Examples regarding those use cases can be found in sources package (tests). Check nexus for the lates version of the artifact.

sdmx-publisher

sdmx-publisher wraps sdmx-registry-client and sdmx-datasource-client providing easier means for publishing gCube timeseries dataset related SDMX artifacts both on SDMX Registry and gCube SDMX Datasource.

Maven artifacts

Find sdmx-publisher on Nexus Repository Browser for an artifact with the following coordinates:

<groupId>org.gcube.datapublishing</groupId>
<artifactId>sdmx-publisher</artifactId>

Quickstart

Spring injection (with the usage of sdmx-registry-client-gcube facility) can be set using this beans configuration file:

<?xml version="1.0" encoding="UTF-8"?>
<beans xmlns="http://www.springframework.org/schema/beans"
	xmlns:xsi="http://www.w3.org/2001/XMLSchema-instance" xmlns:p="http://www.springframework.org/schema/p"
	xmlns:aop="http://www.springframework.org/schema/aop" xmlns:context="http://www.springframework.org/schema/context"
	xmlns:jee="http://www.springframework.org/schema/jee" xmlns:tx="http://www.springframework.org/schema/tx"
	xsi:schemaLocation="
			http://www.springframework.org/schema/aop http://www.springframework.org/schema/aop/spring-aop-3.0.xsd
			http://www.springframework.org/schema/beans http://www.springframework.org/schema/beans/spring-beans-3.0.xsd
			http://www.springframework.org/schema/context http://www.springframework.org/schema/context/spring-context-3.0.xsd
			http://www.springframework.org/schema/jee http://www.springframework.org/schema/jee/spring-jee-3.0.xsd
			http://www.springframework.org/schema/tx http://www.springframework.org/schema/tx/spring-tx-3.0.xsd">

	<context:spring-configured />
	<context:annotation-config />

	<context:component-scan base-package="org.sdmxsource" />

	<bean id="registryDescriptor"
		class="org.gcube.datapublishing.sdmx.impl.model.GCubeSDMXRegistryDescriptor" />
	<bean id="datasourceDescriptor"
		class="org.gcube.datapublishing.sdmx.impl.model.GCubeSDMXDatasourceDescriptorIS" />

	<bean id="registryClient"
		class="org.gcube.datapublishing.sdmx.impl.registry.FusionRegistryClient">
		<constructor-arg name="interfaceType" value="RESTV2_1" />
	</bean>

	<bean id="datasourceClient"
		class="org.gcube.datapublishing.sdmx.impl.datasource.GCubeSDMXDatasourceClientImpl" />

	<bean id="publisherClient"
		class="org.gcube.datapublishing.sdmx.impl.publisher.GCubeSDMXPublisherImpl" />

</beans>

As you can see, both registry and datasource clients are injected with descriptors that retrieve service endpoints from the IS.
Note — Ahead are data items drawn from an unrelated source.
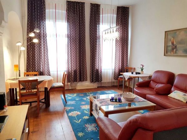 Die Zweizimmerwohnung hat eine herrschaftliche Raumhöhe von 3,30 m. Das Wohnzimmer mit Rundbögen und Zierelementen an den Wänden ist mit einer komfortablen Ledergarnitur ausgestattet. Die Ledergarnitur verfügt über viele Funktionen, Drehsessel mit Armlehnen, Rückenpandelo und sie kann ausgezogen werden und bietet dann eine Schlaffläche von 1,20 m Breite und 2 m Länge. Die sehr hochwertige Küche ist komfortabel ausgestattet mit Spülmaschine, Kaffeemaschine, Wasserkocher, Toaster. Das Schlafzimmer verfügt über ein besonders breites Bett. Unseren Gästen steht ein kostenfreier WLAN-Internetzugang über Mobilfunk zur Verfügung (unbegrenztes Datenvolumen).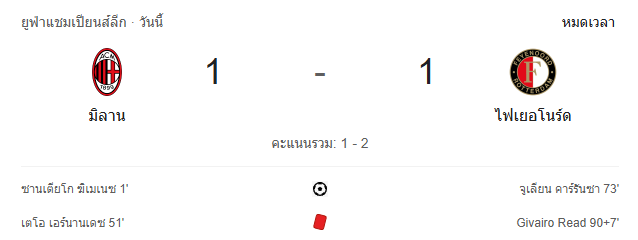 • นาทีที่ 47 กรรมการเป่านกหวีดจบครึ่งแรก เอซี มิลานนำเฟเยนูร์ด 1-0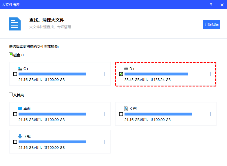 2. 在驱动器选择界面,勾选那个红得刺眼的C盘,然后点击"开始扫描"按钮。软件会自动扫描C盘中所有超过设定大小的文件。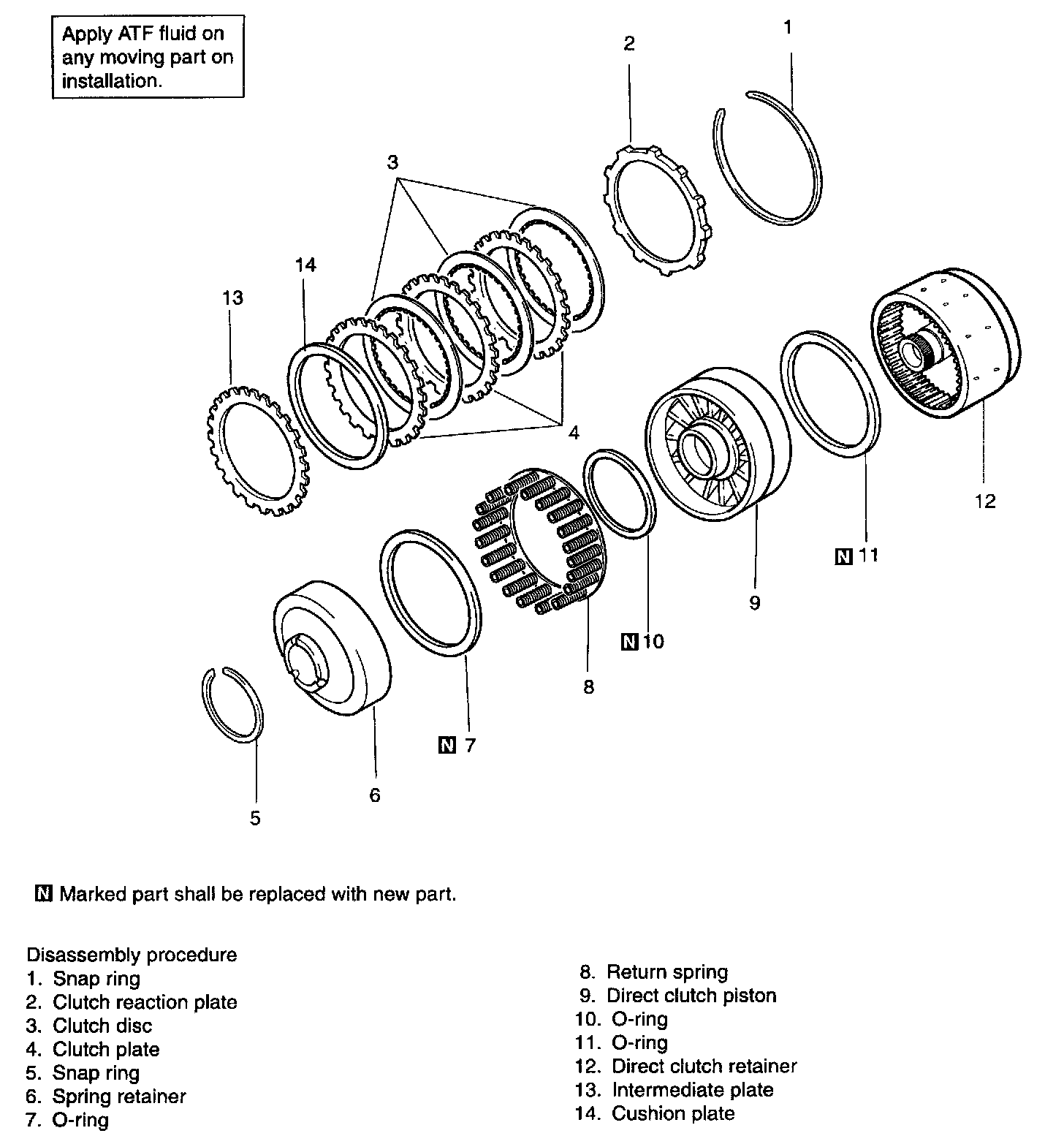 1. Remove the direct clutch snap ring.
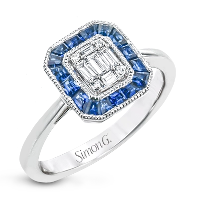 This white gold ring recalls the charm of a past era with a halo of custom-fitting sapphires surrounding a mosaic of .18 ctw diamonds.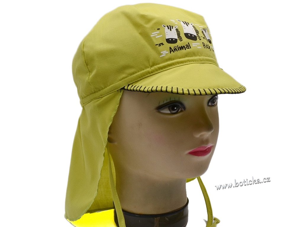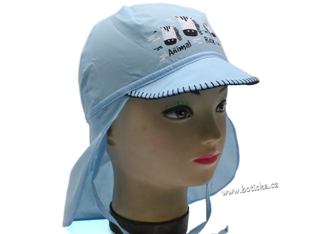 Lehoučká plátěná dětská kšiltovka s plachetkou pro ochranu krku před spálením. Tkaničky pro zavázání pod krkem. Pro každý letní den ve městě i u vody.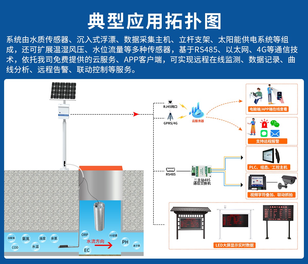 窨井地下水立杆式监测站是掌握地下水变化规律、了解地下水开采状况、指导地下水资源保护的重要手段。该系统可以对自然河流、水库、水源地等地表水及地下水的水质(水位、水温、电导率、PH、溶解氧、浊度、氨氮、总磷、余氯、COD等)实时在线动态监测,实现水质数据的自动存储监测、对地下水的变化规律进行动态分析。
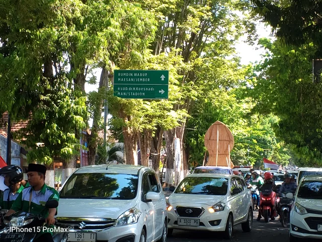 Pantauan sepanjang jalan macet karena sebelum melakukan apel Akbar di alun-alun RBA Kironggo pasukan melakukan kirab ancak agung yang diarak keliling dengan diangkut kendaraan roda empat dengan iringan motor.

An instance of SDMXPublisher can be obtained with:

ApplicationContext context = new ClassPathXmlApplicationContext("applicationContext.xml");
publisher = context.getBean(GCubeSDMXPublisher.class);

Important: remember to set the right scope using ScopeProvider facilities. Example:

ScopeProvider.instance.set("/gcube/devsec");

Usage

sdmx-publisher allows a client to easily estabilish sdmx data exchange based on available timeseries data.

The operations to be done and their relative order are summarized in the folowing list:

  1. Publish a top level agency providing the Structural Metadata
  2. Publish one or more codelists
  3. Publish one or more concept schemes
  4. Publish a datastructure definition, describing the data structure for the dataset which is going to be provided
  5. Publish a dataflow, identifying a dataset instance and the datastructure definition that is going to be used
  6. Publish a Data Provider Scheme containing information about the data provider providing the data
  7. Publish a Provision Agreement which tells which Provider is going to participate for the dataflow
  8. Publish a Registration. This operation instructs both the datasource and the registry about the availability of data.

A full example where a client estabilishes a sdmx data exchange can be found in the sources package of sdmx-package (tests). Check Nexus for the latest version of the artifact.